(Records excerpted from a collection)
────────────────

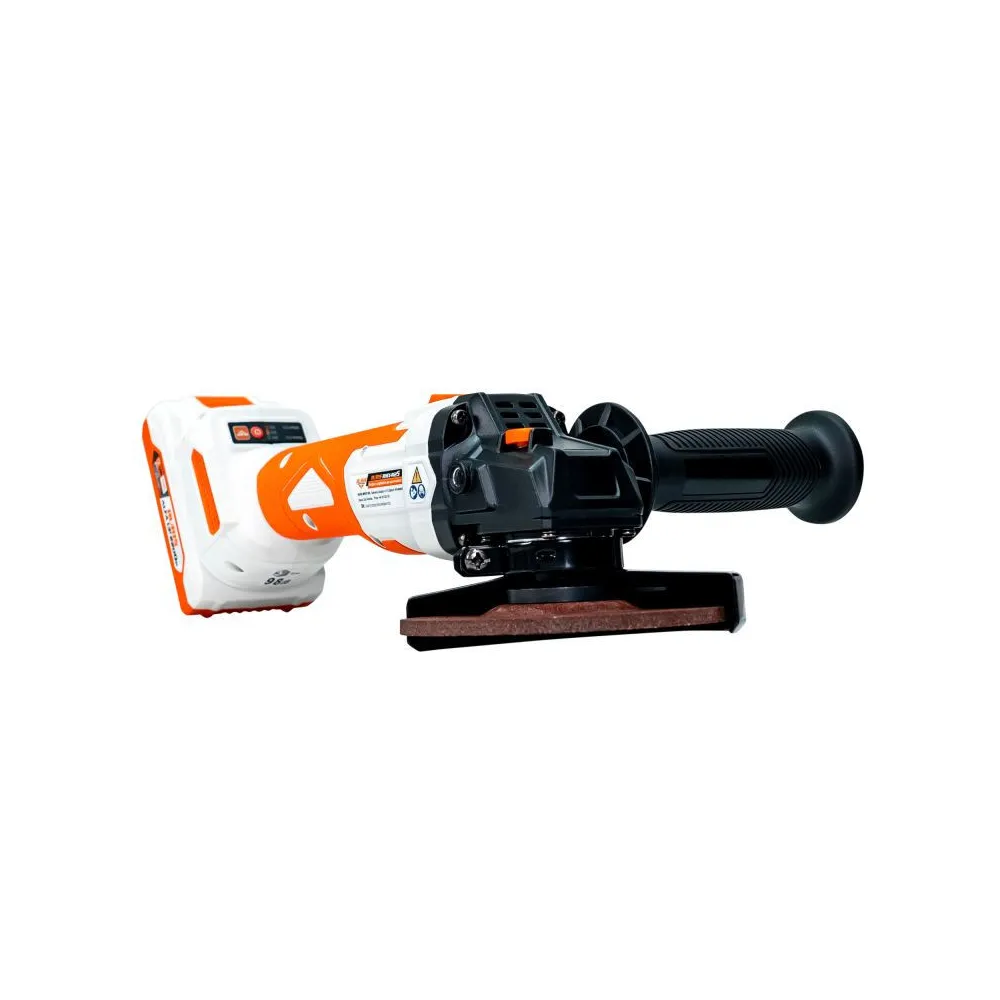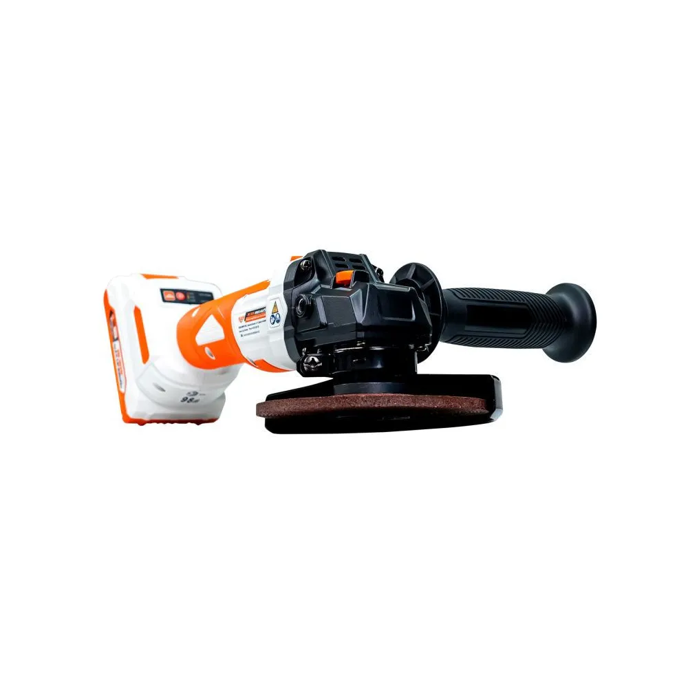 V balení sa nachádza 125 mm brúsny kotúč, prídavná rukoväť s 2 polohami nastavenia. Dodáva sa bez akumulátora a nabíjačky.
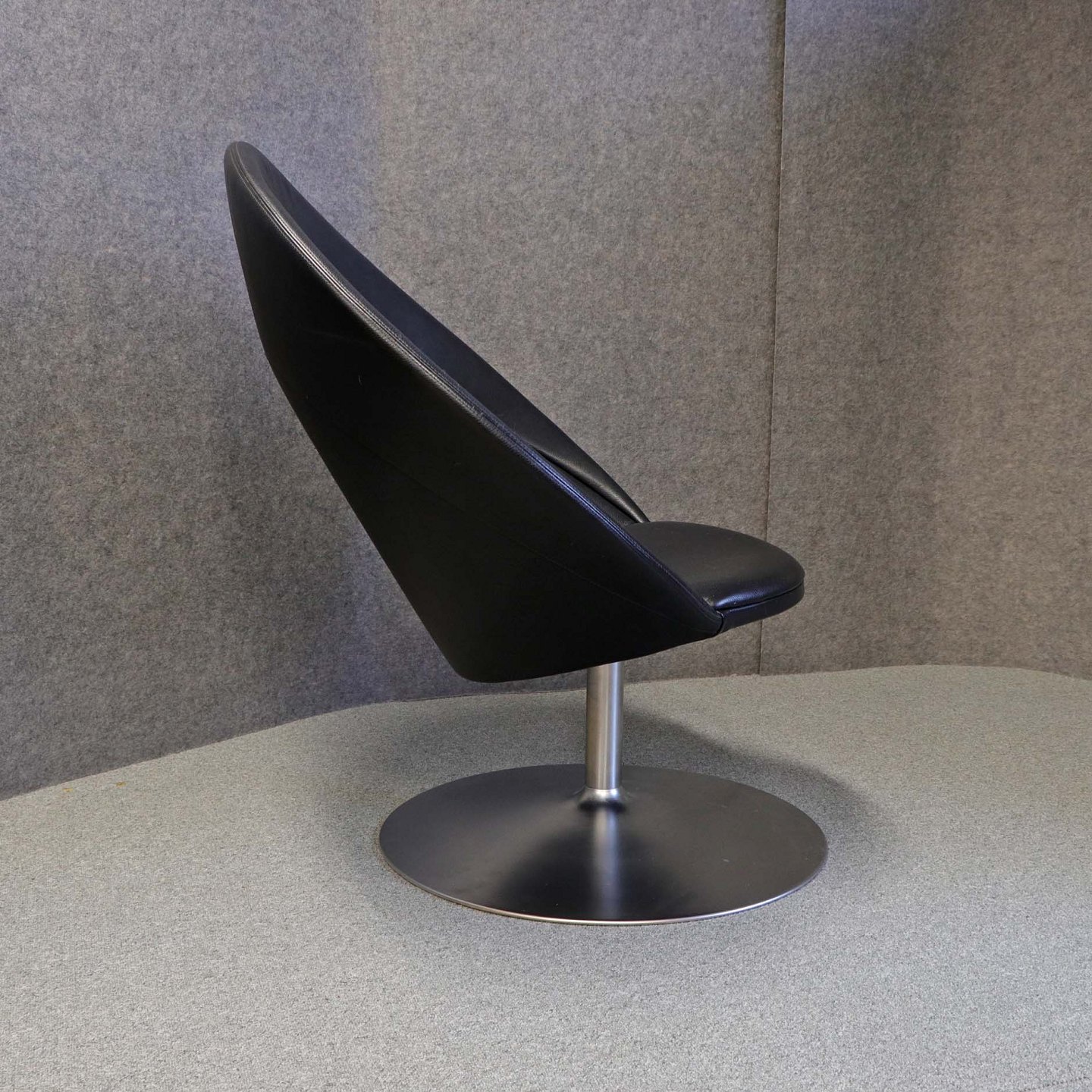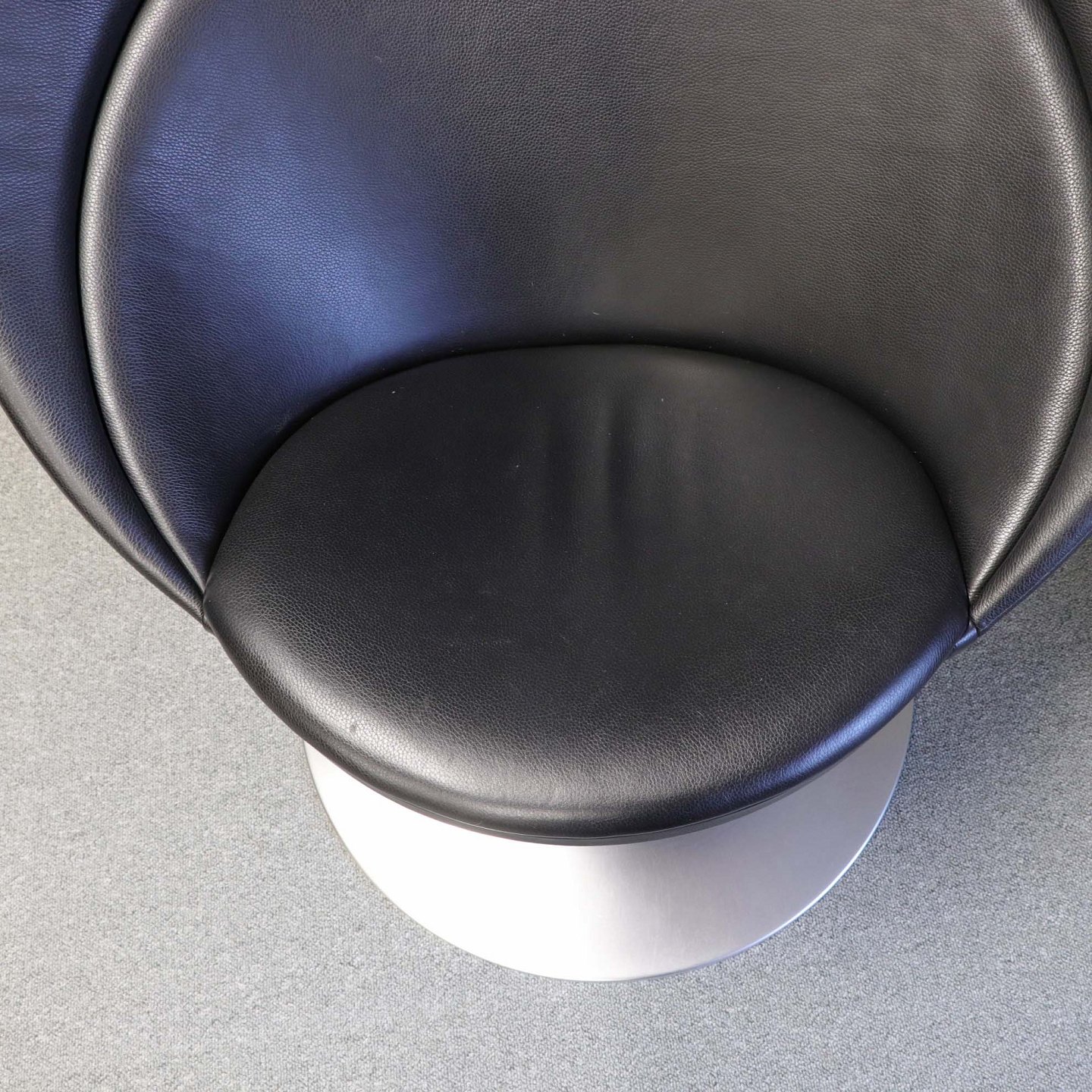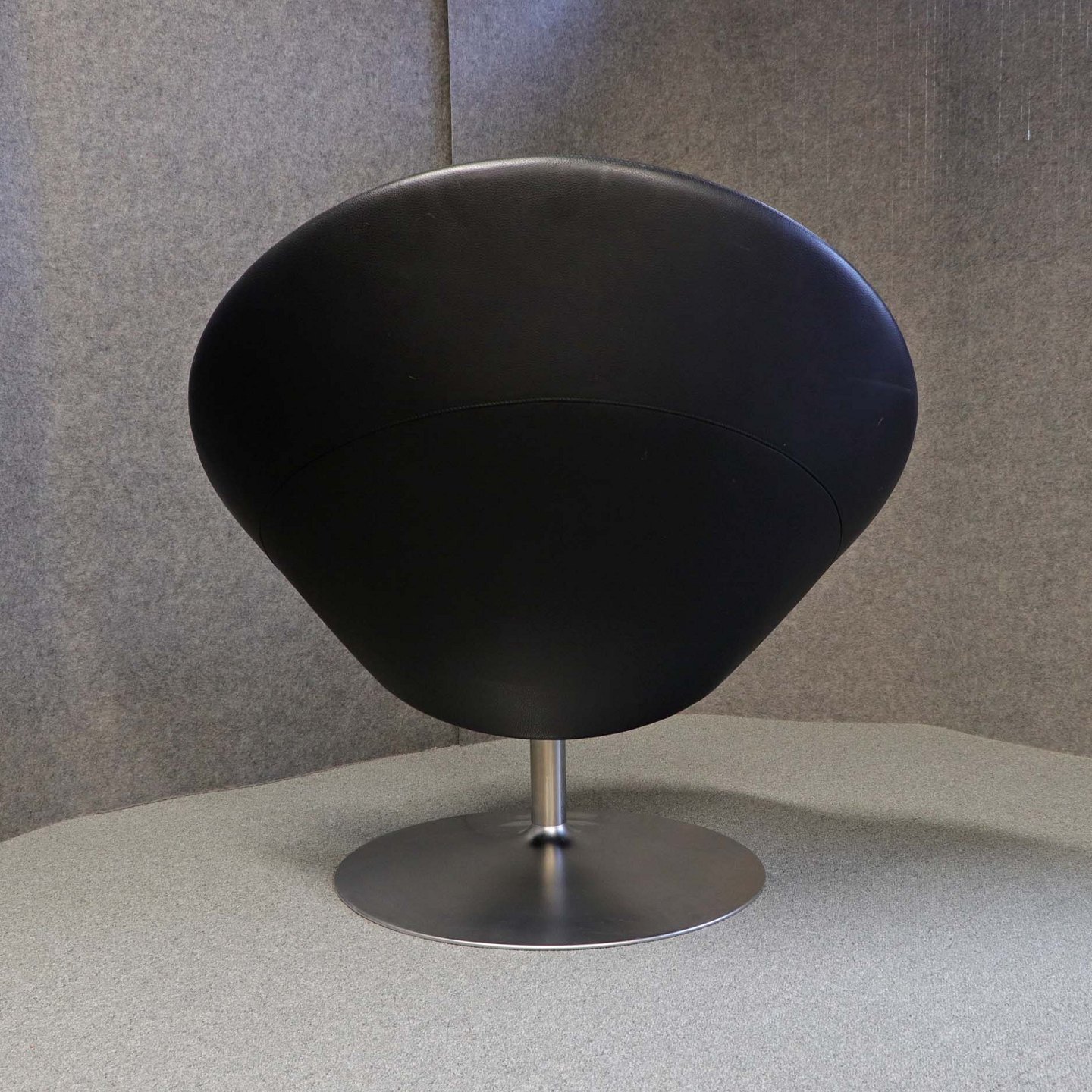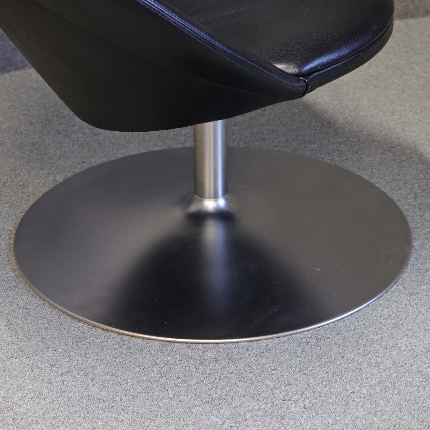 Stol med sort lædersæde på mat poleret stål fod
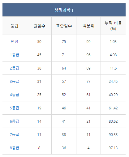 [2021년 11월 고2 모의고사 생명과학1 등급컷]
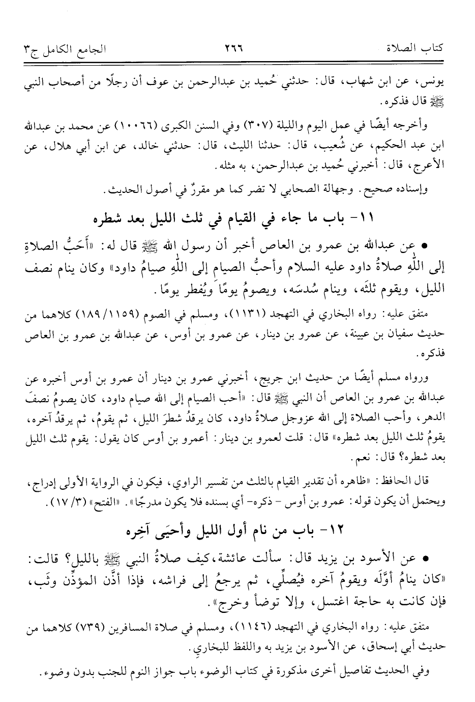 • عن عبد الله بن عمرو بن العاص أخبر أن رسول الله صلى الله عليه وسلم قال له: "أَحَبُّ الصلاةِ إلى اللهِ صلاةُ داود عليه السلام وأحبُ الصيام إلى اللهِ صيامُ داود" وكان ينام نصف الليل، ويقوم ثلثَه، وينام سُدسَه، ويصومُ يومًا ويُفطر يومًا.
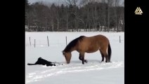 Ce cheval fait tout comme son humain... bain de neige
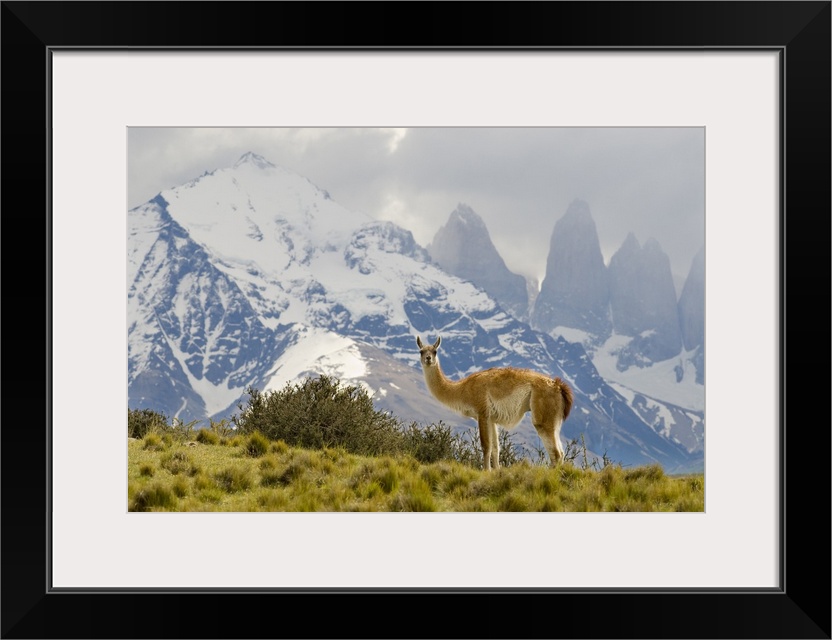 <p>Guanaco with Paine Towers in background, Torres Del Paine National Park, Region 12, Chile, Patagonia.</p>
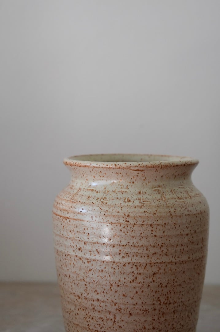 Wheel thrown vase made from iron-rich speckled stoneware and finished with a shino glaze.
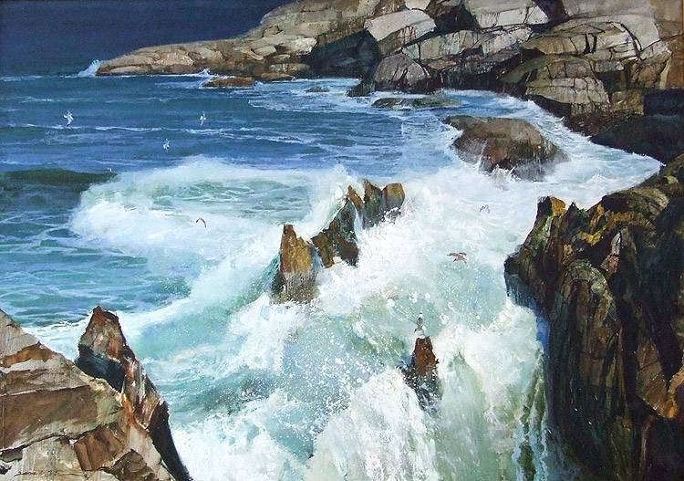 作品:浪瀑 作者:高泉 规格:162*114 出版 价格:<<高泉的海>>2004年,天津美术出版社
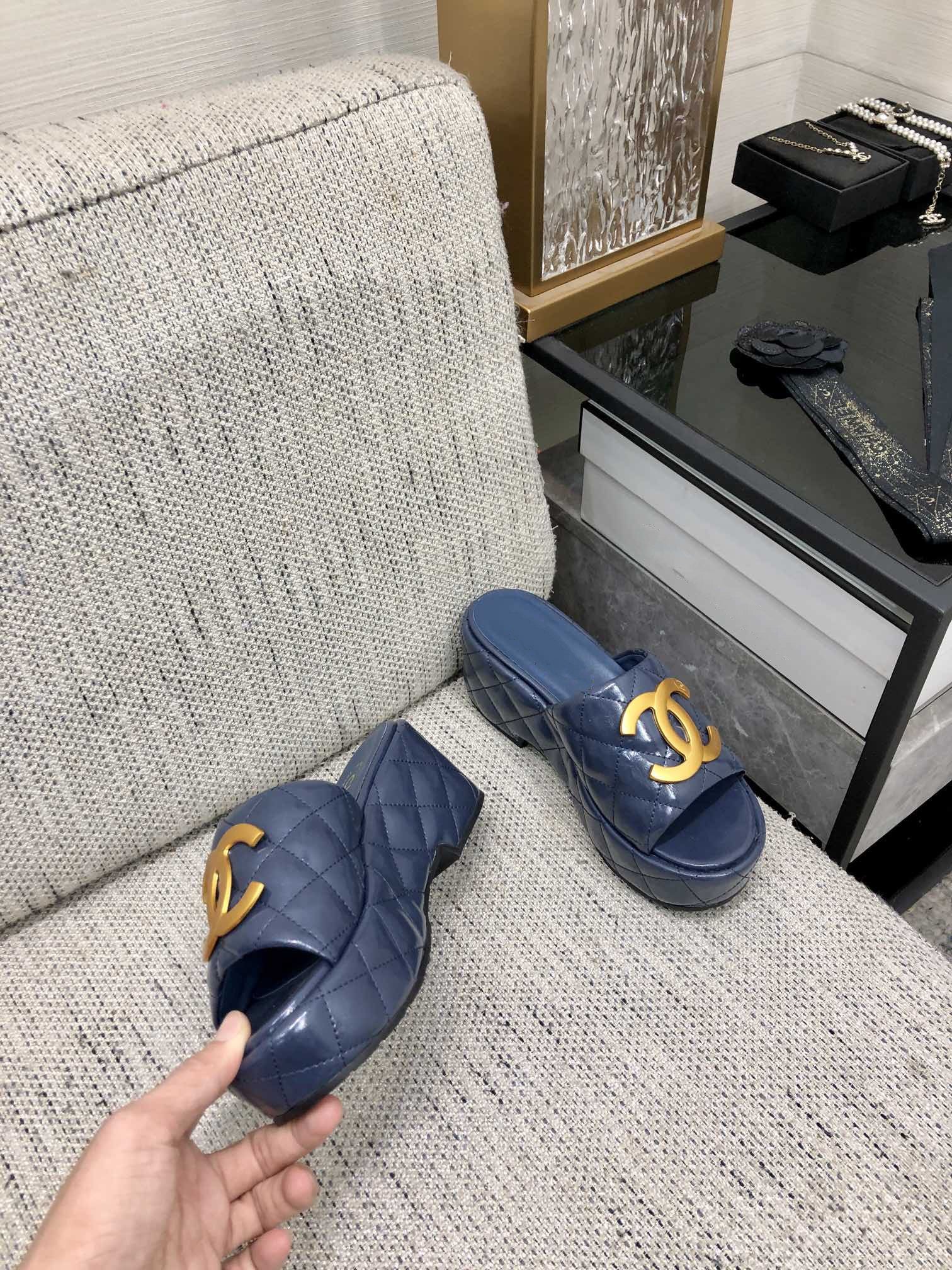 mule sandal 95 blue quilted waxed leather
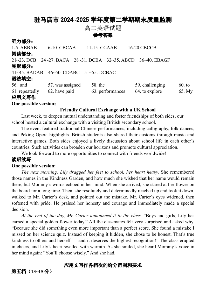 驻马店市2024~2025学年度第二学期期末质量监测 英语答案.pdf

────────────────

> **WORK ORDER**
Do not copy pictures. Restate exactly the lines from the one containing "<p>Guanaco with Paine" through the last line of the records.

> **RESPONSE TO THE TASK**
 <p>Guanaco with Paine Towers in background, Torres Del Paine National Park, Region 12, Chile, Patagonia.</p>
 Wheel thrown vase made from iron-rich speckled stoneware and finished with a shino glaze.
 作品:浪瀑 作者:高泉 规格:162*114 出版 价格:<<高泉的海>>2004年,天津美术出版社
 mule sandal 95 blue quilted waxed leather
 驻马店市2024~2025学年度第二学期期末质量监测 英语答案.pdf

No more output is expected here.